Is America on Its Way to Fascism?


In his 1954 book entitled Today's Isms: Communism, Fascism, Socialism, Capitalism, Dr. William Ebenstein cogently describes the various "isms" that continue to convulse the world.

As personal liberty is eroded in this country and Americans are uninformed about the "violence and terror of totalitarian communism and fascism," a reflection of Ebenstein's ideas is very much warranted.

When countering whether fascism is a threat to democratic nations, Ebenstein maintains that "the danger in a democracy like the United States is not outright fascism ... but the insidious and unnoticed corroding of democratic habits[.]" Consider the burgeoning growth of intolerance against dissenting ideas that permeates so many American universities.

Ebenstein maintains that "the danger of not recognizing this pre-fascist attitude is that, should it become full fledged fascism (as it well might in an economic depression or in some other disaster of the sort that periodically shakes men's faith in democracy) recognition of it as a threat may come too late for those whose earlier judgment was too lenient." That so many people cannot see the inherent danger of a Bernie Sanders is disturbing. Matthew Vadum has written:

Communism is a political movement whose adherents believe that markets are fundamentally unjust [.] Suffice it to say that socialists and communists all want government or the collective to be master. In ideological terms, there is no bright line or safe harbor that neatly separates socialism from communism.

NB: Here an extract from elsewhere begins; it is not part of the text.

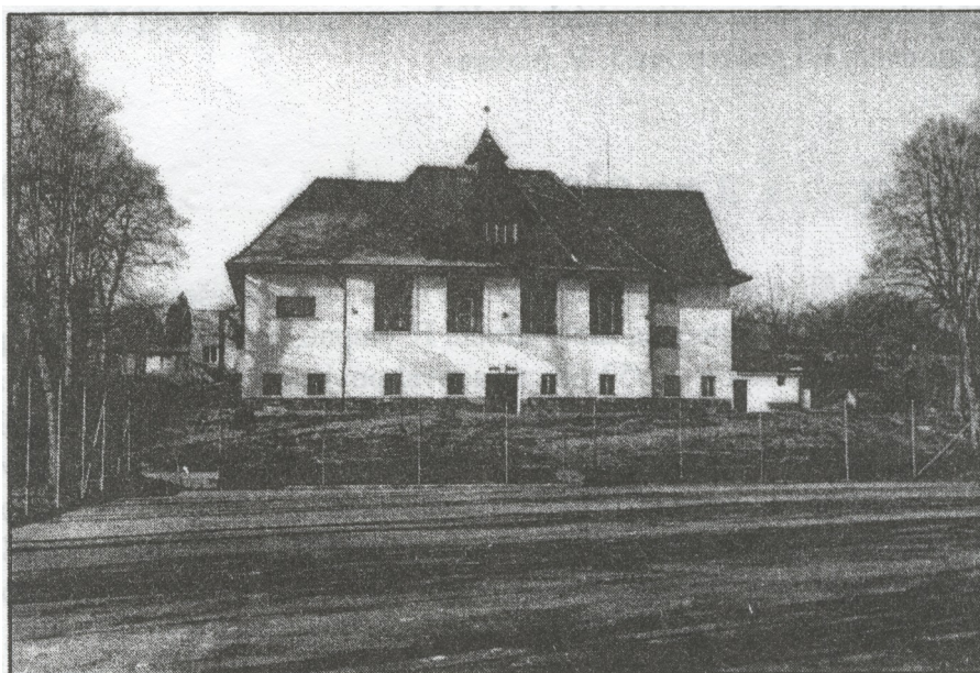
6. Svitávecká sokolovna. Po slavnostním otevření 18. září 1927 sloužila především žákům školy. Foto 1996.

Throughout his life, Bernie Sanders has been working for socialism, the transitional stage of society before communism. He calls himself a socialist, specifically a 'democratic socialist.'

[Sanders] declared that financial inequality 'is immoral, it is bad economics, it is unsustainable.' This is tantamount to saying that the only just society is one in which everyone has the same amount of money or that anyone who has the ability to make a lot of money is an enemy of the people.

Sanders described the Affordable Care Act, also known as Obamacare, as a 'modest' step towards forcing the U.S. to 'join the rest of the industrialized world and guarantee health care to all as a right.'

But as David Horowitz asks, "[w]hat is Obamacare? And single payer? Why do we call it single payer? It's communism. If the government controls [a person's] access to health care which is what this is about, as to what you can have and to what you can't have, ... that is communism".